_Task statement_
Lines containing the word "unique" are to be copied from the data below.

_Dataset entries_
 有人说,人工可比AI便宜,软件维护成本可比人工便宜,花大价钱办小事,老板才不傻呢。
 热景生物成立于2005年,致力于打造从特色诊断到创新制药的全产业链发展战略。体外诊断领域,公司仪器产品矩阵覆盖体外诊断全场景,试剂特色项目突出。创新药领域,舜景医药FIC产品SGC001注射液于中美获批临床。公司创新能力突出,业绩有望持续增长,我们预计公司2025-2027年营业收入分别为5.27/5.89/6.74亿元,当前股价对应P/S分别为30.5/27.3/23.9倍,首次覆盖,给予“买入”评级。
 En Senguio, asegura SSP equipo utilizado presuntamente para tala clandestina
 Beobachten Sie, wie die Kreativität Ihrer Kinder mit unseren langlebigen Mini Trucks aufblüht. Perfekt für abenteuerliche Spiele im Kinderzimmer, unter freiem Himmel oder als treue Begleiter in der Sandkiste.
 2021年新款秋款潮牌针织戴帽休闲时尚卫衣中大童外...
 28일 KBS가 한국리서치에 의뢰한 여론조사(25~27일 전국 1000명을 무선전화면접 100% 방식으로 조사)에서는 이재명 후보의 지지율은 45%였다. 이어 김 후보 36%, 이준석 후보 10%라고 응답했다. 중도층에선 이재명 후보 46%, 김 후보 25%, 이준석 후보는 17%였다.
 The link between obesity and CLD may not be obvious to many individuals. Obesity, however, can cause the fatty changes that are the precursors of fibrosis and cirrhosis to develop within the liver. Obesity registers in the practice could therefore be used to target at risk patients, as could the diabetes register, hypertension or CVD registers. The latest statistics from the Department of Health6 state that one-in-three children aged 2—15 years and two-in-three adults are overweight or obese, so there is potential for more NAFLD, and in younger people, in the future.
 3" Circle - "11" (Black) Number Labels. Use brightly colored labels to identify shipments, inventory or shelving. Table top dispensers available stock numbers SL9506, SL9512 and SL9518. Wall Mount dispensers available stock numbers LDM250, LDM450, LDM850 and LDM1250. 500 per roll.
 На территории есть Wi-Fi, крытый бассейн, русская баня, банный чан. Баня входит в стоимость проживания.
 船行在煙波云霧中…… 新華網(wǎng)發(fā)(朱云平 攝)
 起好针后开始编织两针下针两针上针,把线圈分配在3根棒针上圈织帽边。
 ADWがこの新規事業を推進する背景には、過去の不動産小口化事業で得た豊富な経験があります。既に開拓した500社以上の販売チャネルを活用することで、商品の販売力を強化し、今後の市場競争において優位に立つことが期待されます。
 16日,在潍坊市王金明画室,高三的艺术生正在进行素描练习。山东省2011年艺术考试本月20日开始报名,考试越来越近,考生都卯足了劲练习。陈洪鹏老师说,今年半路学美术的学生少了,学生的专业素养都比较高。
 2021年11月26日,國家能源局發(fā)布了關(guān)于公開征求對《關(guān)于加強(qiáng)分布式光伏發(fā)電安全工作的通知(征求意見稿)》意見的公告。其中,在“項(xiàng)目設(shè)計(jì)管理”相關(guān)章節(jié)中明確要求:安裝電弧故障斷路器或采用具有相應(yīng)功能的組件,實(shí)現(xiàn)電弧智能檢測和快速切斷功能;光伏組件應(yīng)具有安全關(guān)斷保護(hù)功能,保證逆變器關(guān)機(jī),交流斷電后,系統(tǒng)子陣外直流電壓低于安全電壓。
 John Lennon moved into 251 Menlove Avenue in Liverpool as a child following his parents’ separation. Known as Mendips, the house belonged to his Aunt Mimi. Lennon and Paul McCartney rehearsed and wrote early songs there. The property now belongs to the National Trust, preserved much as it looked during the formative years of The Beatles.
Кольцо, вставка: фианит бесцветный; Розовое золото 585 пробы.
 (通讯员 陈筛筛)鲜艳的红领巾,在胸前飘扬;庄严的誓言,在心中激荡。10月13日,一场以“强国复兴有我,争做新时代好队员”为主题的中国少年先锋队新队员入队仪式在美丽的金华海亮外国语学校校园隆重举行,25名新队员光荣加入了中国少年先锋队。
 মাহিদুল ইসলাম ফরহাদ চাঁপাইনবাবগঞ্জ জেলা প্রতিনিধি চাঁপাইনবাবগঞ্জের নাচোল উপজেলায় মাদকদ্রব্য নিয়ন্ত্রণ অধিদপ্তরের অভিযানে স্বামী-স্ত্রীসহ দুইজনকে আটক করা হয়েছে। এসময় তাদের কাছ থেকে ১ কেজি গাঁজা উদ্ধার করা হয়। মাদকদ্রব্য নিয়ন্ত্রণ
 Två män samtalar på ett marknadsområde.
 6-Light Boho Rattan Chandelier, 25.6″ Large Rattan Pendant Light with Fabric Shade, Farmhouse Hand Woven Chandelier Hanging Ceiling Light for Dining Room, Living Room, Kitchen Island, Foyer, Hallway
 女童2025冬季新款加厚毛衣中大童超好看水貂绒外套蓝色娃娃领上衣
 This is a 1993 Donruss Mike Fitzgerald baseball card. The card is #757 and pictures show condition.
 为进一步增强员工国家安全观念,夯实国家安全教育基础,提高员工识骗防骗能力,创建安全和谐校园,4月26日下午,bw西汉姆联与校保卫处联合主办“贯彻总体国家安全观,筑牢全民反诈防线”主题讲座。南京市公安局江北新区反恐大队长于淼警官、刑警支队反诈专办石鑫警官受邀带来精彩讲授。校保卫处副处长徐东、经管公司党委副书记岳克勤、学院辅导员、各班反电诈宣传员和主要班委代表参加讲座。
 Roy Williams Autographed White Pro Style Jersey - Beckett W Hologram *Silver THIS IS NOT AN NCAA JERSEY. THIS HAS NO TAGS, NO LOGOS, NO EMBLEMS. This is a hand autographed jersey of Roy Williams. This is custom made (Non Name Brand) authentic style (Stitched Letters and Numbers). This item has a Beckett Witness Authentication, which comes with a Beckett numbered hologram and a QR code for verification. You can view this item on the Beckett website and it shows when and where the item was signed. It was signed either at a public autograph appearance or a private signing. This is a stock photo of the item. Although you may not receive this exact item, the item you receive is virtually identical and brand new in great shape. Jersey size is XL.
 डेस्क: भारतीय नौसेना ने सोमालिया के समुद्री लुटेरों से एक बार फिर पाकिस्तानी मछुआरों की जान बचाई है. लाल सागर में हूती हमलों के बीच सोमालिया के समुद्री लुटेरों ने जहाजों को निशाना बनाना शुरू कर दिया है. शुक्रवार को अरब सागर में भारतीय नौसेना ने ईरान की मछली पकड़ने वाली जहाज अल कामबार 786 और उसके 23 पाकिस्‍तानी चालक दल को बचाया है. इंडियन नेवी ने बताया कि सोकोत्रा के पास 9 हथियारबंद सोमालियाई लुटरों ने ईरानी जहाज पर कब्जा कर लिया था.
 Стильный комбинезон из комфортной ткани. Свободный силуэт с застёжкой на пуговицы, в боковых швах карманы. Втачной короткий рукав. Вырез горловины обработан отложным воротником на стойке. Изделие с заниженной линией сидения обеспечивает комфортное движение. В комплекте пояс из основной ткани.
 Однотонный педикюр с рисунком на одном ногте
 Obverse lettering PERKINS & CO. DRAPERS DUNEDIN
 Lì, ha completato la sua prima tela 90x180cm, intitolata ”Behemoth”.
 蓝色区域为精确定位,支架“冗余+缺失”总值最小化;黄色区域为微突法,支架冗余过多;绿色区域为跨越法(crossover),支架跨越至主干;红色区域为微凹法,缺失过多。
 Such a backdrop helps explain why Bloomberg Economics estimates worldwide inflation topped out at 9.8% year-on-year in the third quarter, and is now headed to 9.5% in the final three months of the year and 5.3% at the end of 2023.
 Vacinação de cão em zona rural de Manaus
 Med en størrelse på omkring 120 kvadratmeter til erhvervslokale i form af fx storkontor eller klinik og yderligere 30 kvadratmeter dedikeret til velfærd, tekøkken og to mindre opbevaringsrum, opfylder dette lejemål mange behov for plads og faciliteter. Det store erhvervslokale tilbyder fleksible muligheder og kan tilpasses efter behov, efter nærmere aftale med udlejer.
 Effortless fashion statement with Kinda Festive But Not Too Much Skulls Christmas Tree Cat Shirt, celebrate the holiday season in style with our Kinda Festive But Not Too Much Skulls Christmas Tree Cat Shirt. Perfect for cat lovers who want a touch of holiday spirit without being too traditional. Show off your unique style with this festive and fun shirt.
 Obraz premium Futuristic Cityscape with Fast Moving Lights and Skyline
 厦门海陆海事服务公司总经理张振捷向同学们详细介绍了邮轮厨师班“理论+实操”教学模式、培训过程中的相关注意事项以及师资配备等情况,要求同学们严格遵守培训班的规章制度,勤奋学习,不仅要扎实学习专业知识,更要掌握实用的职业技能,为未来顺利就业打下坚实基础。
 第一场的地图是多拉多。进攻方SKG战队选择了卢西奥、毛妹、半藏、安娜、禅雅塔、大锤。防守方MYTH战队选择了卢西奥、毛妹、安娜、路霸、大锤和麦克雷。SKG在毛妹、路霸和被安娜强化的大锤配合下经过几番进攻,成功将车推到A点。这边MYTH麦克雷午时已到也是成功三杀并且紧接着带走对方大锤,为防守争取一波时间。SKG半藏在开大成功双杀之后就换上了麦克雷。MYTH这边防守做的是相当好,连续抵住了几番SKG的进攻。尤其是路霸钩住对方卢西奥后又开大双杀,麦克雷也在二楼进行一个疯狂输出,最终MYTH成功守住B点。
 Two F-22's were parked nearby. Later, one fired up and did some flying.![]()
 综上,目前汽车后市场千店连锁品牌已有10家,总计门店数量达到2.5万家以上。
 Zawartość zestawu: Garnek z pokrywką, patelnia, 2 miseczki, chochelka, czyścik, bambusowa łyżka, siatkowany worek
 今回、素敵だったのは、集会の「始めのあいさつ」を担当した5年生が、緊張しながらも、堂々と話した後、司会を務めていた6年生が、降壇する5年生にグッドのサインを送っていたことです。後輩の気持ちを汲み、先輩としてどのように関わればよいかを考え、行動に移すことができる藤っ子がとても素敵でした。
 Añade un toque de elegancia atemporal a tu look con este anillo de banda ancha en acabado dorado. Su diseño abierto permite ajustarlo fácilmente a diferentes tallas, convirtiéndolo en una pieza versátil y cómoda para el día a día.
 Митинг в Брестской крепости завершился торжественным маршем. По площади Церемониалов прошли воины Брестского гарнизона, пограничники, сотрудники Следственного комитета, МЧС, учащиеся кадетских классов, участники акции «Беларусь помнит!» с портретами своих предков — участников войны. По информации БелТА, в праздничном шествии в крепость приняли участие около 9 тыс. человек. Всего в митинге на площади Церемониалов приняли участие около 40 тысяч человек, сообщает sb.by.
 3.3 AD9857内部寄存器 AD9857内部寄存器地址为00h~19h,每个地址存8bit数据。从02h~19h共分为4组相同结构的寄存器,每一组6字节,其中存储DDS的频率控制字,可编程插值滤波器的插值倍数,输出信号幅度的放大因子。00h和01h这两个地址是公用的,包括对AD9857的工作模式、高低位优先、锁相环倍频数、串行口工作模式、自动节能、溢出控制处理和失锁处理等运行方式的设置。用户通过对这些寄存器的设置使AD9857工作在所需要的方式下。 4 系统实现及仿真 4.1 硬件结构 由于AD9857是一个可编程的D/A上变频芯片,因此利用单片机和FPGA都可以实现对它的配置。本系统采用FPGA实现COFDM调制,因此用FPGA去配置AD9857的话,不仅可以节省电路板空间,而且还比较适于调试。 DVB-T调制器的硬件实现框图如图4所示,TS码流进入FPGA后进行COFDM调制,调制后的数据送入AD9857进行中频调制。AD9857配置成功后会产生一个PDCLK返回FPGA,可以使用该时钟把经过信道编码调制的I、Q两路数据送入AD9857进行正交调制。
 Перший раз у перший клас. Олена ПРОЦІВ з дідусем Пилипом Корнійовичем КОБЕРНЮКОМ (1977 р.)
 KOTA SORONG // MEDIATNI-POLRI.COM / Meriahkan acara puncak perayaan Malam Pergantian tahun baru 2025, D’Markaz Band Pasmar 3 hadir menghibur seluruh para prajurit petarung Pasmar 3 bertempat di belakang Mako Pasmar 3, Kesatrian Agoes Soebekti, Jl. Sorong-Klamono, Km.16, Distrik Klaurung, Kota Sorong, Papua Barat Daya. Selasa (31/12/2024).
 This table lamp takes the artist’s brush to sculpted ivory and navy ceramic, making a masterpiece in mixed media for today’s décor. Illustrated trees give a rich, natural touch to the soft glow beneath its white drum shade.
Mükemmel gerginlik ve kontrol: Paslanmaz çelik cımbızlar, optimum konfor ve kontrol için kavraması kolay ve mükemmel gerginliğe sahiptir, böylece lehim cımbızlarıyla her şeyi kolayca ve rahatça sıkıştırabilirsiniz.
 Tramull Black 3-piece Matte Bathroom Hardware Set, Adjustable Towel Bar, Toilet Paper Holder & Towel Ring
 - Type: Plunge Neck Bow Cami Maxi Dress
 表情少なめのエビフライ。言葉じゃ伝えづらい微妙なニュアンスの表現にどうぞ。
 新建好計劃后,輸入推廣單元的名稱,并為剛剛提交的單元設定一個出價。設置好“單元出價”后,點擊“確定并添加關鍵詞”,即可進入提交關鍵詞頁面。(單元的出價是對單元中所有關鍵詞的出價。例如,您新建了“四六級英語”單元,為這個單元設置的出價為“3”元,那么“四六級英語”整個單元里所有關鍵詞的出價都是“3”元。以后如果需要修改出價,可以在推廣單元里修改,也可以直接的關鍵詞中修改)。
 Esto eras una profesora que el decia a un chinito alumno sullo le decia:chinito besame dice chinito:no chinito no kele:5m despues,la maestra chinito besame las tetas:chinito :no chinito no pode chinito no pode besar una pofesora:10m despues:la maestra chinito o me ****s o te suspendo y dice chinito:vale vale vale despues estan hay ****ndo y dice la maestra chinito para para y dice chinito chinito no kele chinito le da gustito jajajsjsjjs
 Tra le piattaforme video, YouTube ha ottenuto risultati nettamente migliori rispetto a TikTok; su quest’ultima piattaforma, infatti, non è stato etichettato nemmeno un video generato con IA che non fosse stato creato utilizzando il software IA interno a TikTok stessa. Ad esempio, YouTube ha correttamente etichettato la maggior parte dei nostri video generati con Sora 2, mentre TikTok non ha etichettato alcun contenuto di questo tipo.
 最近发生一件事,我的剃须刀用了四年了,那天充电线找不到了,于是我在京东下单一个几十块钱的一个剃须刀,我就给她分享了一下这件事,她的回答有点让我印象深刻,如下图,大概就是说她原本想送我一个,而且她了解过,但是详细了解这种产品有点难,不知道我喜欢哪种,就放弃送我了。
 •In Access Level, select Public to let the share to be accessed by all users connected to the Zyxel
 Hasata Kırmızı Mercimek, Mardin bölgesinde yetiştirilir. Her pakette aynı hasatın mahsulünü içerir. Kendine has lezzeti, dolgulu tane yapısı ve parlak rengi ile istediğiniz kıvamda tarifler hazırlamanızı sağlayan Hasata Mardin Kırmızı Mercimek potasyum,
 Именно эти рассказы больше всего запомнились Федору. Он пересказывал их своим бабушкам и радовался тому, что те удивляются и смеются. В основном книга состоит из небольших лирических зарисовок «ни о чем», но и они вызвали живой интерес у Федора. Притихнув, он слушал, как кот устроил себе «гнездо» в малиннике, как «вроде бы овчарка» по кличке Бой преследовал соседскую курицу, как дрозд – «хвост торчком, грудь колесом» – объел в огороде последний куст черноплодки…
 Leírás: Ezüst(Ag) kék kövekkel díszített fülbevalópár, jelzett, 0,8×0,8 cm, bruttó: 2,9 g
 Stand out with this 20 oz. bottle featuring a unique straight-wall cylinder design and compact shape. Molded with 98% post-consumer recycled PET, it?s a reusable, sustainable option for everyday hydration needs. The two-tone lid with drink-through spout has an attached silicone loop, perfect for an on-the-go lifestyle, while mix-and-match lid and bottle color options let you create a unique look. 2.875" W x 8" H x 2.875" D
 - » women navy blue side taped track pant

_Output below_
 Effortless fashion statement with Kinda Festive But Not Too Much Skulls Christmas Tree Cat Shirt, celebrate the holiday season in style with our Kinda Festive But Not Too Much Skulls Christmas Tree Cat Shirt. Perfect for cat lovers who want a touch of holiday spirit without being too traditional. Show off your unique style with this festive and fun shirt.
 Stand out with this 20 oz. bottle featuring a unique straight-wall cylinder design and compact shape. Molded with 98% post-consumer recycled PET, it?s a reusable, sustainable option for everyday hydration needs. The two-tone lid with drink-through spout has an attached silicone loop, perfect for an on-the-go lifestyle, while mix-and-match lid and bottle color options let you create a unique look. 2.875" W x 8" H x 2.875" D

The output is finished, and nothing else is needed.